In actual data, more of the "instead" relations are between events, and so the elidation issue is not as prominent. Suggesting that annotators copy the predicates for these kind of things isn't as clear cut as other cases, either, as I'm not sure whether (A) would be interpreted as underlyingly being (B), (C), or (D): A)"Tim decided he needed to give the book to Martha instead of Claire" B)"Tim decided he needed to give the book to Martha instead of giving it to Claire" C)"Tim decided he needed to give the book to Martha instead of needing to give it to Claire" D)"Tim decided he needed to give the book to Martha instead of deciding he needed to give it to Claire"

In the end, I'd vote to have this whole thing be a simple relation, for now (say, ":replaced-alternative" or "instead-of" with a reification (replace-alternative-91, maybe, or replace-01). The main semantics bit that we're dropping isn't any long-tail complexity, but rather that annotators mark "mod instead" instead of linking to the think being replaced.

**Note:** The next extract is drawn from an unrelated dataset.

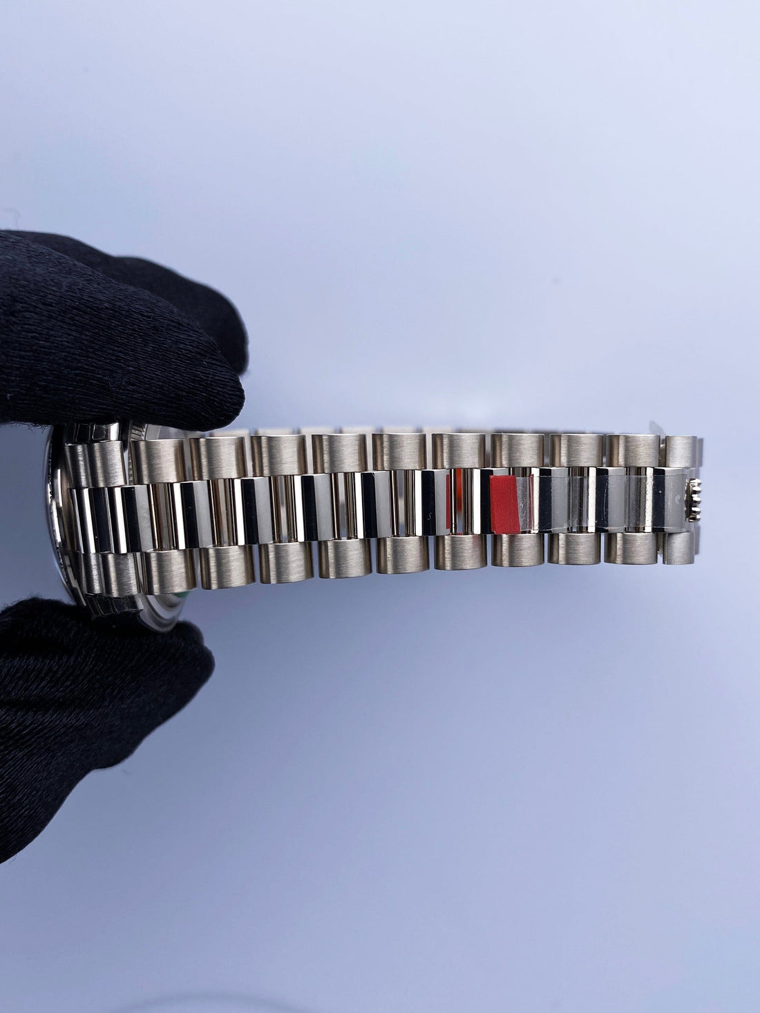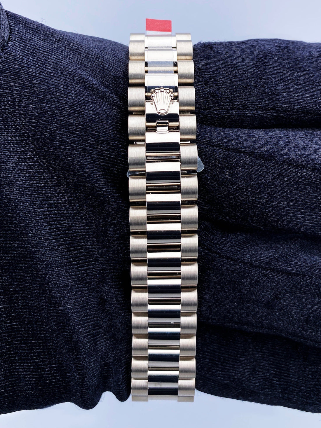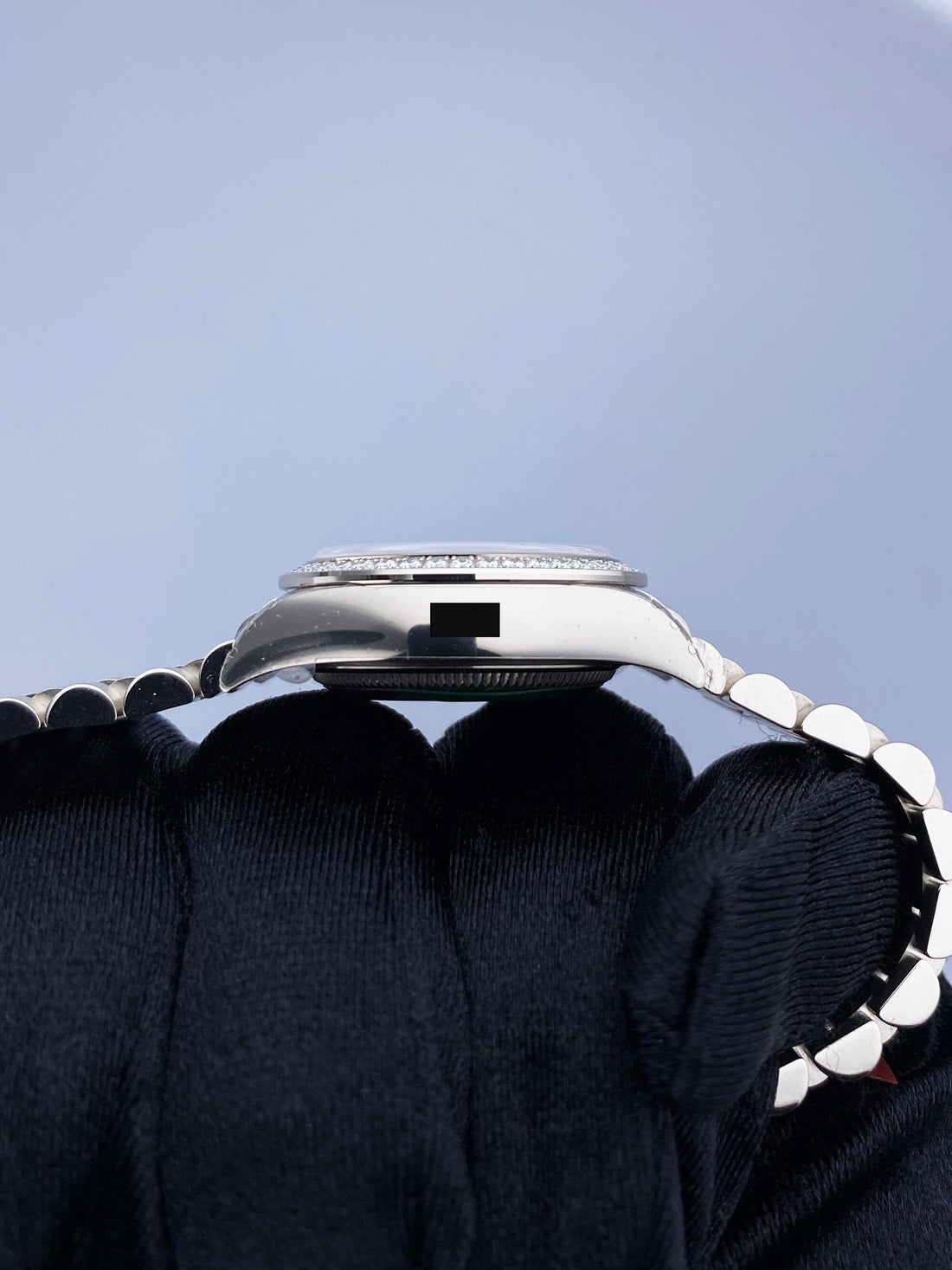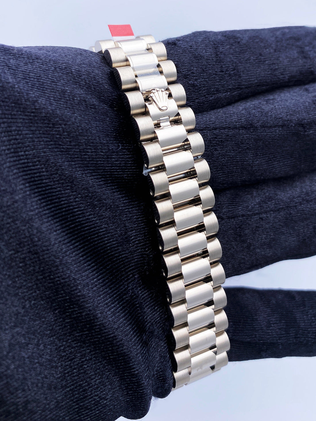 Rolex Datejust 279139RBR Ladies Watch. 28mm 18K white gold case. 18K white gold bezel with factory diamonds. Silver dial with silver-tone hands and factory diamond hour markers. Date display at the 3 o'clock position. 18K white gold President bracelet with hidden fold over clasp. Will fit up to a 6-inch wrist. Sapphire crystal. 18K white gold case back. Automatic self-winding chronometer movement. This watch come with Box and Papers.

Here's the most complicated set of "instead of" relationships I've seen so far:

Upon his return to Beijing, the situation in Urumqi was far from settling, instead the *Uyghur terrorists* becoming even more rampant, and the numbers of attacks and bombings were increasing rather than decreasing!
current:
    :snt2 (c2 / contrast-01
            :ARG1 (s / settle-03 :polarity -
                  :ARG1 (s2 / situation
                        :location (c3 / city
                              :name (n3 / name :op1 "Urumqi")))
                  :degree (v2 / very)
                  :time (r / return-01
                        :ARG1 (h2 / he)
                        :ARG4 (c4 / city :wiki "Beijing"
                              :name (n4 / name :op1 "Beijing"))))
            :ARG2 (a / and
                  :op1 (b / become-01
                        :ARG1 (t3 / terrorist
                              :mod (e3 / ethnic-group
                                    :name (n5 / name :op1 "Uyghur")))
                        :ARG2 (r2 / rampant
                              :degree (m3 / more
                                    :mod (e2 / even))))
                  :op2 (i3 / increase-01
                        :ARG1 (n6 / number
                              :quant-of (a2 / and
                                    :op1 (a3 / attack-01)
                                    :op2 (b2 / bomb-01)))
                        :prep-instead-of (d2 / decrease-01
                              :ARG1 n6))))
proposed:
(a4 / and
      :op1 (h / have-polarity-91
            :ARG1 (s3 / settle-03
                  :ARG1 (s2 / situation
                        :location (c3 / city :name (n3 / name :op1 "Urumqi")))
                  :degree (v / very)
                  :time (r / return-01
                        :ARG1 (h2 / he)
                        :ARG4 (c4 / city :wiki "Beijing" :name (n4 / name :op1 "Beijing"))))
            :ARG2 -)
      :op2 (r5 / replace-alternative-91
            :ARG1 (i3 / increase-01
                  :ARG1 (n6 / number
                        :quant-of (a2 / and
                              :op1 (a3 / attack-01)
                              :op2 (b2 / bomb-01)))
                  :replaced-alternative (d2 / decrease-01
                        :ARG1 n6))
            :ARG2 s3))

I'd thus propose that most of our issues with this can be treated simply with a predicate: replace-alternative-91 :arg1 new argument :arg2 replaced argument, with X :replaced-alternative Y being X :arg1-of replace-alternative-91, :arg2 Y

What to decide:

The main question is, does anyone have a better representation of these, or wish we dealt more deeply with the semantics? For phrases such as the sentence above "I gave the book to Martha instead of Claire", is there a desire to annotators to add a copy (i.e. "instead of giving it to Claire" )?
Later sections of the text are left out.